Wczoraj przyjechało do mnie pogotowie, jeden z ratowników miał ręce wytatuowane chyba po sam obojczyk i nie mam z tym problemu. Swoją pracę wykonał profesjonalnie i tylko to się liczy a skoro lubi tatuaże to niech mu na zdrowie będzie i niech sobie robi ich tyle na ile ma ochotę. Nie ważne jest to jak ktoś wygląda ale to jak wykonuje swoją pracę i jakim jest człowiekiem

Odpowiedz
avatar ZaglobaOnufry
4 10

@Enyulek: Nie zawsze sią to 100% zgadza. Są zawody, do których widoczne duże tatuaże i piercing nie pasują i są wybitnie niepoważne, odrażając klientów, bądź powodując brak zaufania do ich nocicieli. N.p. lekarz, sędzia, prokurator, urzędnik państwowy na wysokim stanowisku i.inne. Takie głupie "upiększanie" ciała staje często na drodze późniejszej możliwej karierze i nie zawsze jest unicestwialne.

Odpowiedz
avatar BlueBellee
-2 6

@ZaglobaOnufry: Ale w zasadzie dlaczego?

Odpowiedz
avatar eulaliapstryk
5 5

@BlueBellee: A w zasadzie nie wiadomo. :D Ale najpewniej dlatego, że ludzie jadą po stereotypach i ani biuściasta blondyna z powiększonymi ustami i sztuczną rzęsą, choćby miała dwa doktoraty i członkostwo Mensy, ani wytatuowany i zakolczykowany ksiądz proboszcz, nie będą traktowani poważnie. Przynajmniej na pierwszy rzut oka.

Odpowiedz
avatar falcion
1 1

@BlueBellee: Ponieważ jak bardzo byśmy się nie zarzekali że nie oceniamy po wyglądzie, że jesteśmy tolerancyjni itp itd to i tak pierwsze wrażenie jest często instynktowne/oparte na stereotypie. Przychodzisz do kancelarii adwokackiej spodziewasz się np Pana w garniturze, zaczesanego ogolonego i pachnącego.
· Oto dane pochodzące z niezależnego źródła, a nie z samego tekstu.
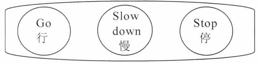 【解析】:本题可根据交通信号灯的常识以及所给英文单词的含义来确定对应的颜色。在日常生活中,绿灯表示通行,英文是“Go”;黄灯表示减速慢行,英文是“Slow down”;红灯表示停止,英文是“Stop”。再结合题目中所给的序号及颜色英文单词,①“red”是红色,对应红灯;②“green”是绿色,对应绿灯;③“yellow”是黄色,对应黄灯。

Wchodzisz a tam gość w t-shircie z całym ramieniem tatuaży w dresowych spodniach (bo tak lubi się nosić). Jak dasz do słowa to może się okazać świetny swoim fachu ale pierwsze wrażenie będzie oscylować wokół "co tu robi ten gość i gdzie jest pan adwokat". I często to pierwsze wrażenie będzie wpływać na całość rozmowy/relacji w jakimś stopniu.

Odpowiedz
avatar leonkennedy
0 0

Wszystko zależy od polityki zakładu. Jeśli przepis mówi zakaz noszenia kolczyków i biżuterii to trzeba się stosować. Jeśli jednak właściciel pozwala nosić nawet 10 kolczyków to czemu by autorka miała tego nie robić.